超临界二氧化碳布雷顿循环热力学优化研究
Investigations on Thermodynamic Optimization of Supercritical CO2 Brayton Cycle
DOI: 10.12677/NST.2020.82006, PDF,  被引量    国家自然科学基金支持
作者: 王俊峰, 黄彦平, 臧金光, 刘光旭:中核核反应堆热工水力技术重点实验室,中国核动力研究设计院,四川 成都
关键词: 超临界二氧化碳布雷顿循环热力学优化Supercritical Carbon Dioxide Brayton Cycle Thermodynamic Optimization
摘要: 超临界二氧化碳布雷顿循环是核能技术创新的重要选择。基于热力学第一定律,开展了超临界二氧化碳布雷顿循环热力学分析与优化研究。为进一步提高转换效率,提出了双级分流压缩循环方案,开展了热力学特性分析和评价,获得了间冷、再热对系统效率的影响规律,并与传统再压缩循环进行了定量比较。研究表明:本文提出的双级分流压缩循环比传统再压缩循环的热效率可提高1~2个百分点,带间冷和再热时热效率可提高近3个百分点。

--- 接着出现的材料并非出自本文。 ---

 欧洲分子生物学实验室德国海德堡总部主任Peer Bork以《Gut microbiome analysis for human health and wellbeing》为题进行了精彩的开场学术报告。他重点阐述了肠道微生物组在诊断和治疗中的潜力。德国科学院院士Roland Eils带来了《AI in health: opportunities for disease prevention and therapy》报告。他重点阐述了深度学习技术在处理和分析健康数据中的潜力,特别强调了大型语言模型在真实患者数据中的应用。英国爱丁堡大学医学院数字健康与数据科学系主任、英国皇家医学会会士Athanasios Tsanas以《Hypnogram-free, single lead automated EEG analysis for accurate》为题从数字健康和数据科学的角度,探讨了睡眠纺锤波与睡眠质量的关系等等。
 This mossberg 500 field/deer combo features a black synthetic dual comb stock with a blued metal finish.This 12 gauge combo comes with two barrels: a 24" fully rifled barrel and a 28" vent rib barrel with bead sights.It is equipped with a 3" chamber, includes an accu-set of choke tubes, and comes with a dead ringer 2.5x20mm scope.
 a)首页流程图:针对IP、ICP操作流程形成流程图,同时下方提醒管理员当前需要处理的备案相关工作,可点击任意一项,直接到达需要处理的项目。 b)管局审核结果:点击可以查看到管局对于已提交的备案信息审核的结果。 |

Abstract: Supercritical carbon dioxide Brayton cycle is an important candidate in nuclear energy innovation. In this paper, an investigation on thermodynamic analysis and optimization was carried out for supercritical carbon dioxide Brayton cycles on the basis of the first law of thermodynamics. A new cycle, called double flow split compression cycle, was proposed to further increase system efficiency. Thermodynamic analysis and evaluation have been conducted. The effect of inter-cooling and re-heating on cycle efficiency has been obtained. A comparison of cycle efficiency has been made between the newly proposed double flow split compression cycle and traditional recompression cycle. The results show that cycle efficiency of double flow split compression cycle is 1-2 percent higher than that of recompression cycle. The efficiency improvement can exceed 3 percent while inter-cooling and re-heating were adopted in system.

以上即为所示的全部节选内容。